ACTION ITEM:
Write out every line exactly, from the start of the records below to the line with "클릭하시면 가입기간 추가대상, 부양가족연금", and stop there. Don't write out the pictures.
[[ EXERCISE MATERIAL, beginning ]]
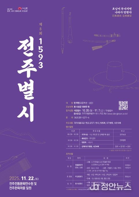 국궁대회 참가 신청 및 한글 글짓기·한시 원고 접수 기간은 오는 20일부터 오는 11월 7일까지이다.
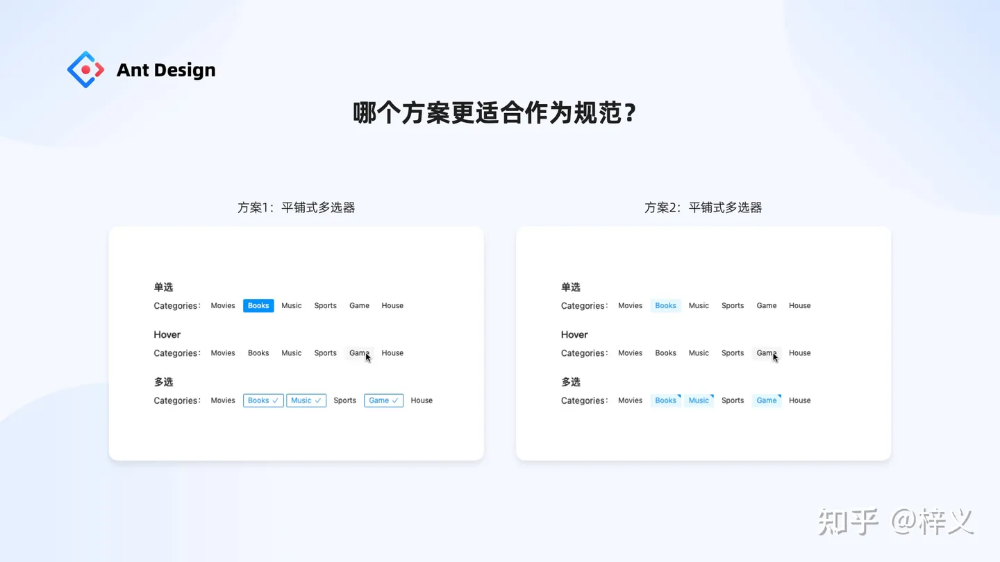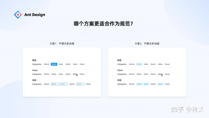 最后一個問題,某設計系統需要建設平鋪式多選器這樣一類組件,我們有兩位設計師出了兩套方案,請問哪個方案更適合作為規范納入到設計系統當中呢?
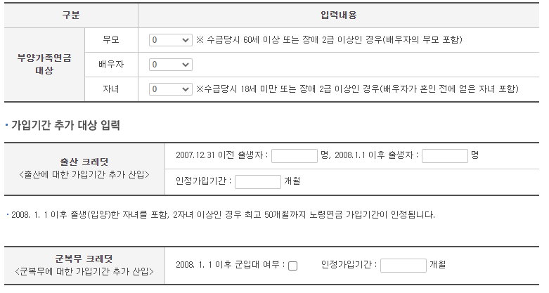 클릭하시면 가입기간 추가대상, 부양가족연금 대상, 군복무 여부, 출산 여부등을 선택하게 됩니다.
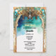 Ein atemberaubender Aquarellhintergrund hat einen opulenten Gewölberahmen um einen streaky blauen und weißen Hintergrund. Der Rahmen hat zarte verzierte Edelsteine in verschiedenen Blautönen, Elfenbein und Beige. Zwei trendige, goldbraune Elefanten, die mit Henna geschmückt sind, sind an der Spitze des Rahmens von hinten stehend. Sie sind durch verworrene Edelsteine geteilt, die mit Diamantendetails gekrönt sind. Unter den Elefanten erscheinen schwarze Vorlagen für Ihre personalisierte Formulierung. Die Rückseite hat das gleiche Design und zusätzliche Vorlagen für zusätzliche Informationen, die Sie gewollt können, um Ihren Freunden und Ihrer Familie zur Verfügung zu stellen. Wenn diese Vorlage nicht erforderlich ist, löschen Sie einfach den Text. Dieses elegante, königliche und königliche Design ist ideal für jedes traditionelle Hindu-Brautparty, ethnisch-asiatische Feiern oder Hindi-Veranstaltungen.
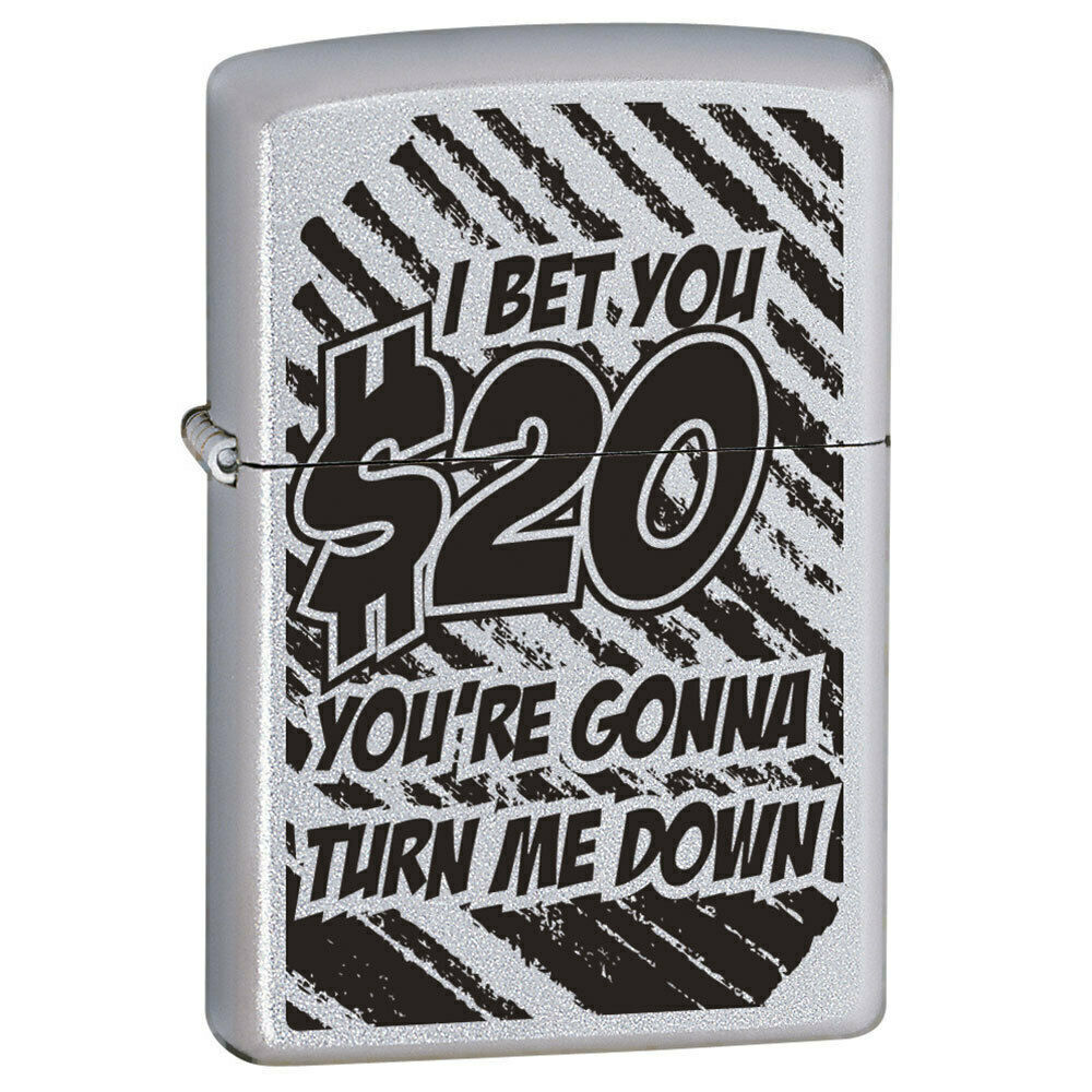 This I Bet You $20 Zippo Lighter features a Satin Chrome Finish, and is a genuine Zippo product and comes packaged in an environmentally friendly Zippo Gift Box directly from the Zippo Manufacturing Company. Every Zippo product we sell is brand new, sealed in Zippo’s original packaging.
[[ EXERCISE MATERIAL, end ]]
EXERCISE RESPONSE:
 국궁대회 참가 신청 및 한글 글짓기·한시 원고 접수 기간은 오는 20일부터 오는 11월 7일까지이다.
 最后一個問題,某設計系統需要建設平鋪式多選器這樣一類組件,我們有兩位設計師出了兩套方案,請問哪個方案更適合作為規范納入到設計系統當中呢?
 클릭하시면 가입기간 추가대상, 부양가족연금 대상, 군복무 여부, 출산 여부등을 선택하게 됩니다.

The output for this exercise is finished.